## Problem to solve:
Could you output, word for word, only the lines from the line with "4.答辩具体分组见附件,学生" to the end of the entries, including both ends? Omit the pictures.

[Source records]
⟨
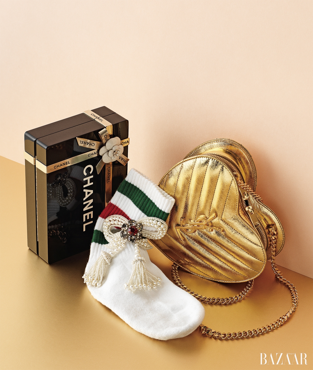 (왼쪽부터) 카멜리아 리본으로 장식된 기프트 박스 형태의 클러치 백은 가격 미정으로 Chanel, 진주와 크리스털 소재의 리본이 달린 양말은 61만원으로 Gucci, 메탈릭한 질감이 화려한 하트 모양 클러치 겸 체인 숄더백은 4백22만5천원으로 Saint Laurent by BOONTHESHOP
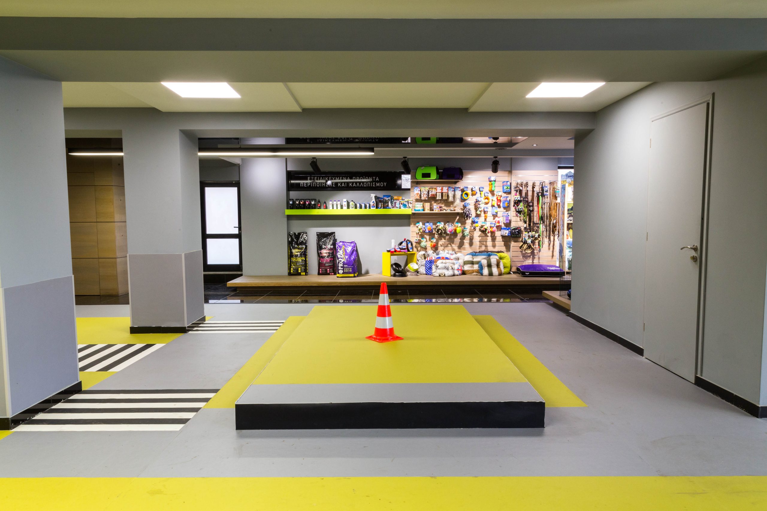 Ο στίβος εκπαίδευσης αποτελεί προσομοίωση πάρκου κυκλοφοριακής αγωγής σκύλων και ανθρώπων.
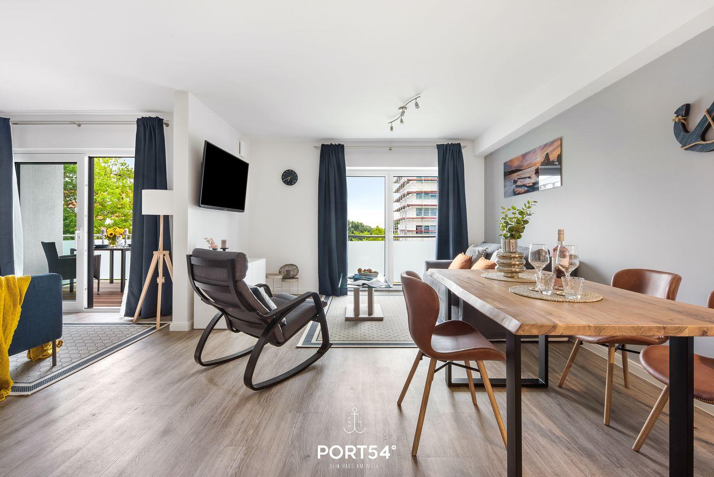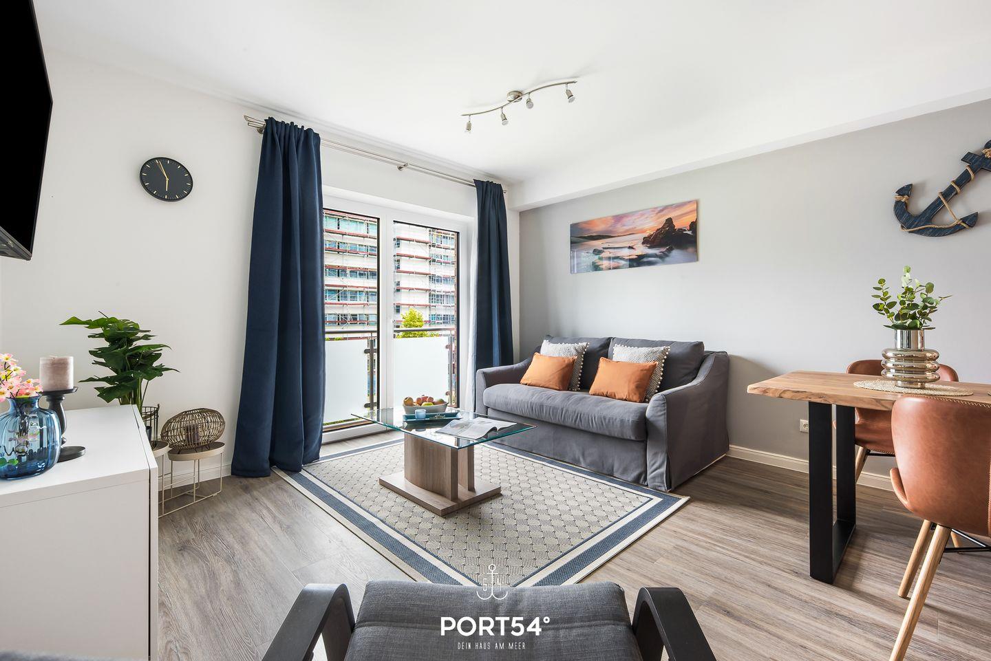 Herzlich willkommen in der modernen Ferienwohnung "Meerzeit"! Die im Neubau gelegene Wohnung bietet auf großzügigen 65m² Platz für 4 Personen und sogar einen vierbeinigen Freund (auf Anfrage). Der Schlafbereich erwartet Sie mit einem luxuriösen Boxspringbett (180x200cm), das Ihnen traumhafte Nächte verspricht. Zusätzlich stehen auf dem gemütlichen Schlafsofa (140x200cm) zwei weitere Schlafplätze bereit, damit Sie Ihren Urlaub mit Ihren Liebsten in vollen Zügen genießen können. Die vollausgestattete Küche lädt dazu ein, leckere Meisterwerke zu kreieren, die Sie entweder am großzügigen Esstisch oder auf dem Balkon mit Blick durch die Bäume auf das Wasser genießen können. Erleben Sie hier unvergessliche Mahlzeiten unter freiem Himmel, begleitet vom beruhigenden Rauschen der Wellen. Das Badezimmer überzeugt mit einer ebenerdigen Dusche, die für erfrischende Momente sorgt und den perfekten Start in den Tag bietet. Der Balkon, umgeben von Bäumen, gewährt Ihnen Privatsphäre und eine entspannte Atmosphäre, ideal für erholsame Stunden im Freien. Für zusätzlichen Komfort steht Ihnen ein Aufzug zur Verfügung, der Ihnen den Zugang zur Ferienwohnung erleichtert. Ein Stellplatz sichert Ihnen eine bequeme Anreise, und eine Fahrradabstellmöglichkeit ermöglicht es Ihnen, die Umgebung auf zwei Rädern zu erkunden.
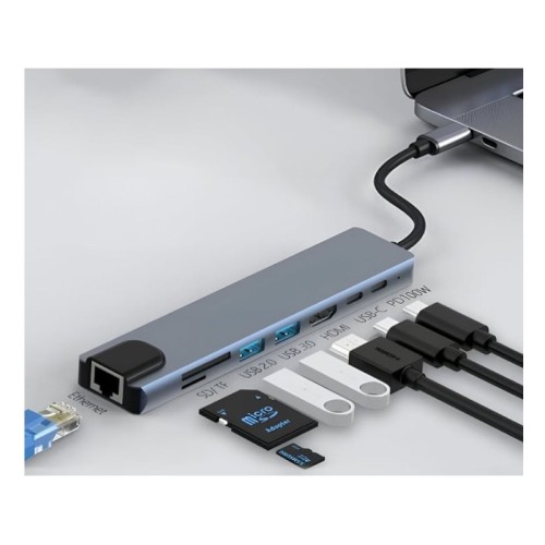 ELEMENTA 8u1 USB HUB sa HDMI, LAN, USBA, PD, TF/SD
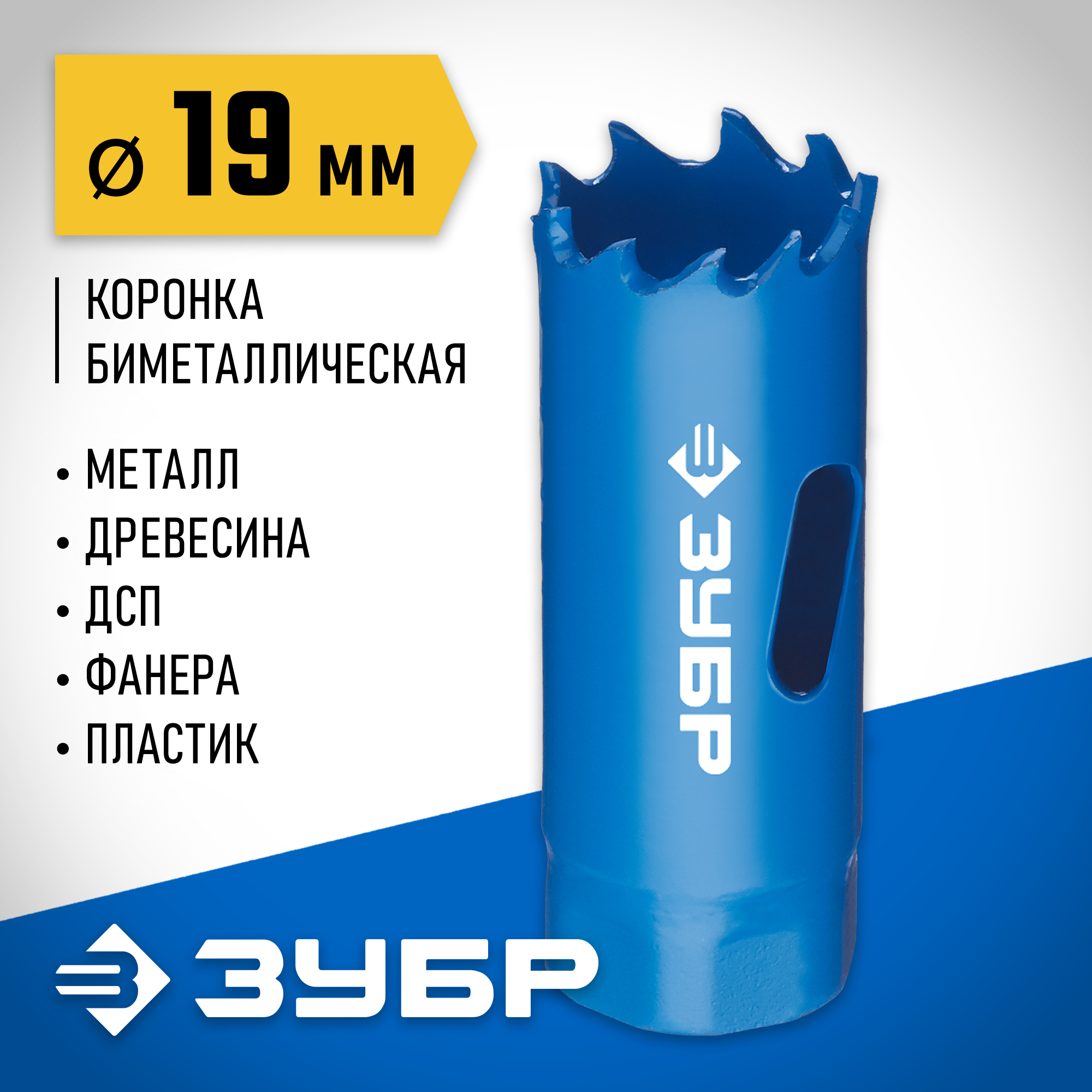 ЗУБР 19 мм, сталь Р6М5, биметаллическая коронка (29531-019)
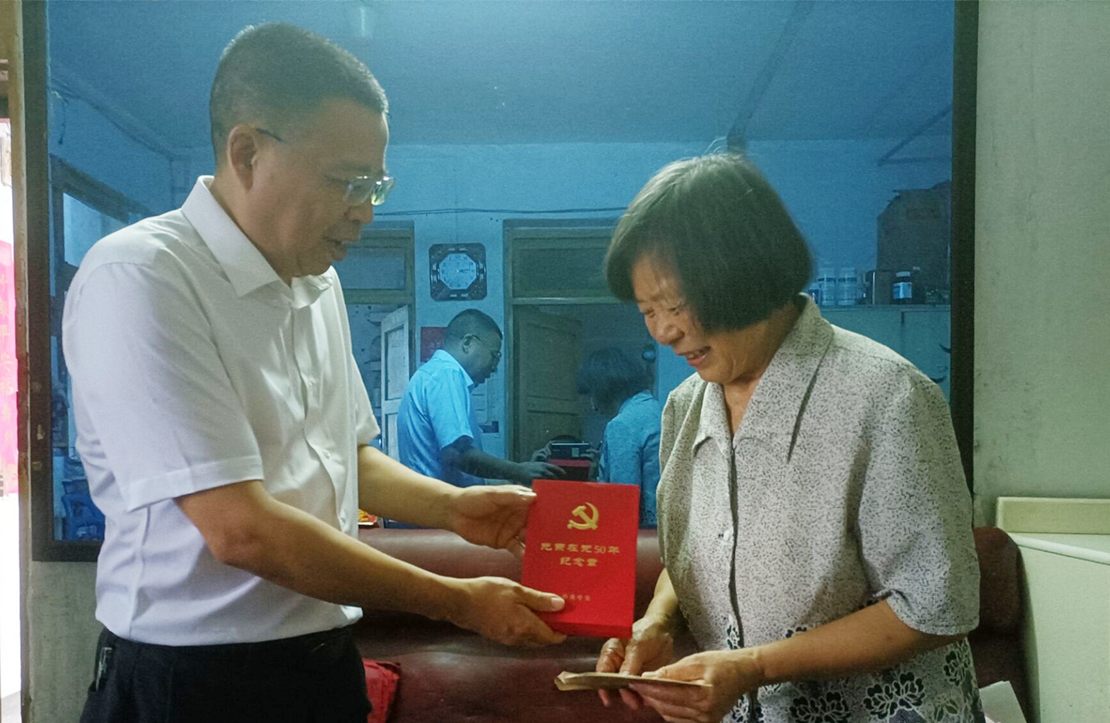 党委副书记陈淑娟、副院长蒲开伦、王志斌、邓启华分别看望慰问了学校部分党龄超过50年的老党员鲁玉勤、邱克忠、陈昌友等老同志,并向他们颁发了“光荣在党50年”纪念章,倾听他们讲述在党的领导下艰苦奋斗的难忘经历,一起回顾我们党的百年光辉历程。老同志们信念坚定、对党忠诚,牢记宗旨、服务群众,对党的事业忠心耿耿,为学校发展建设默默奉献了一辈子,是学校的宝贵财富,也是我们永远学习榜样。
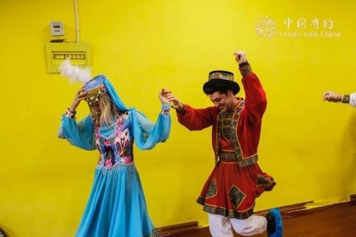 中国日报网10月27日电 10月26日,2024年“中国有约A Date With China”国际媒体采访团一行来到库尔勒市巴娜舞蹈培训中心,换上民族服装沉浸式体验维吾尔族传统舞蹈的魅力。
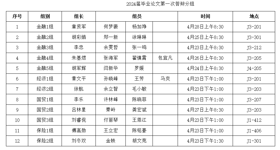 4.答辩具体分组见附件,学生须在开始时间提前20分钟到达答辩教室,做好相应准备工作,包括签到、填写答辩记录本的封面等。
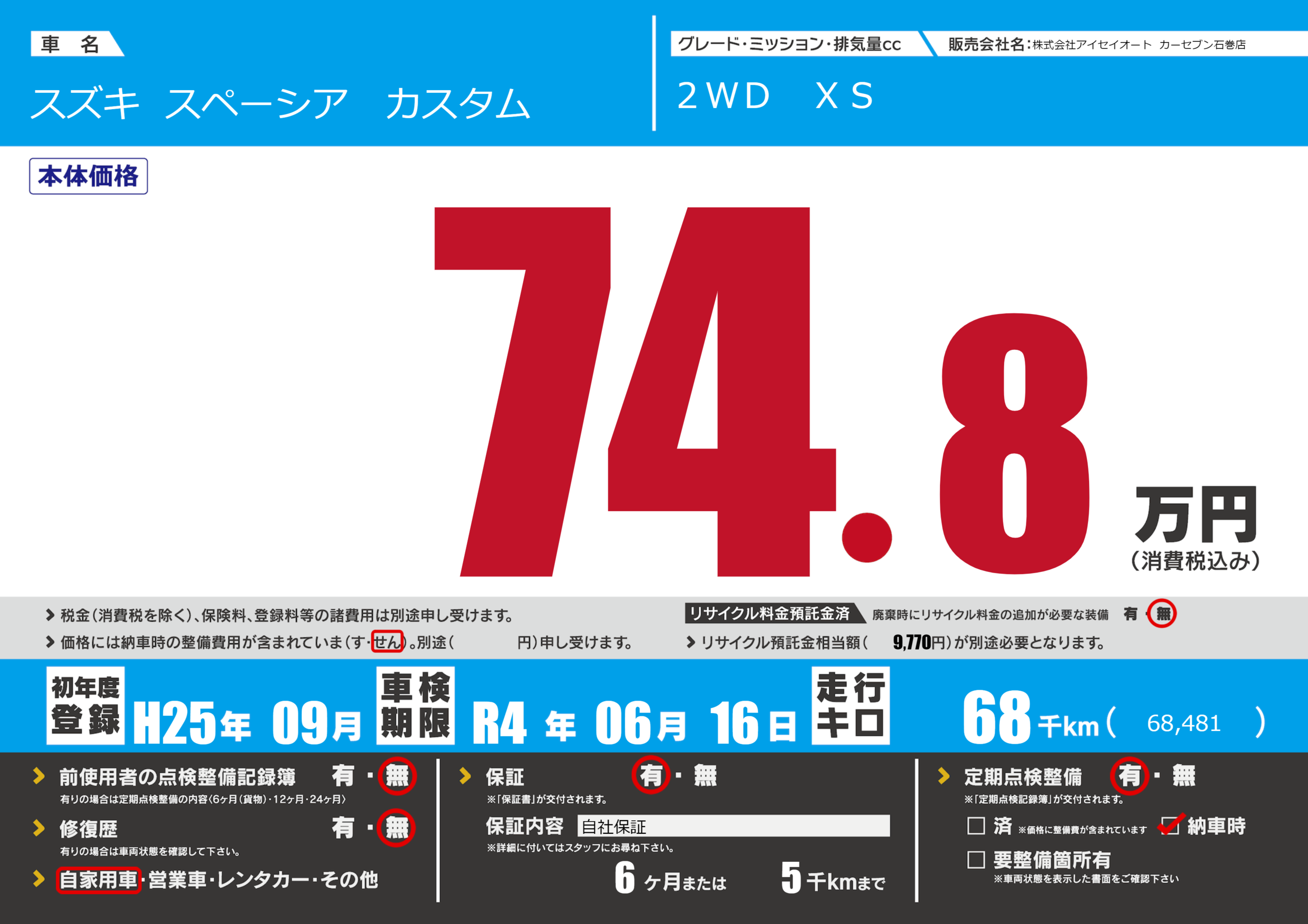 | 車名 | スズキ スペーシア カスタム | グレード ミッション 排気量 |
⟩
## Exercise solution:
 4.答辩具体分组见附件,学生须在开始时间提前20分钟到达答辩教室,做好相应准备工作,包括签到、填写答辩记录本的封面等。
 | 車名 | スズキ スペーシア カスタム | グレード ミッション 排気量 |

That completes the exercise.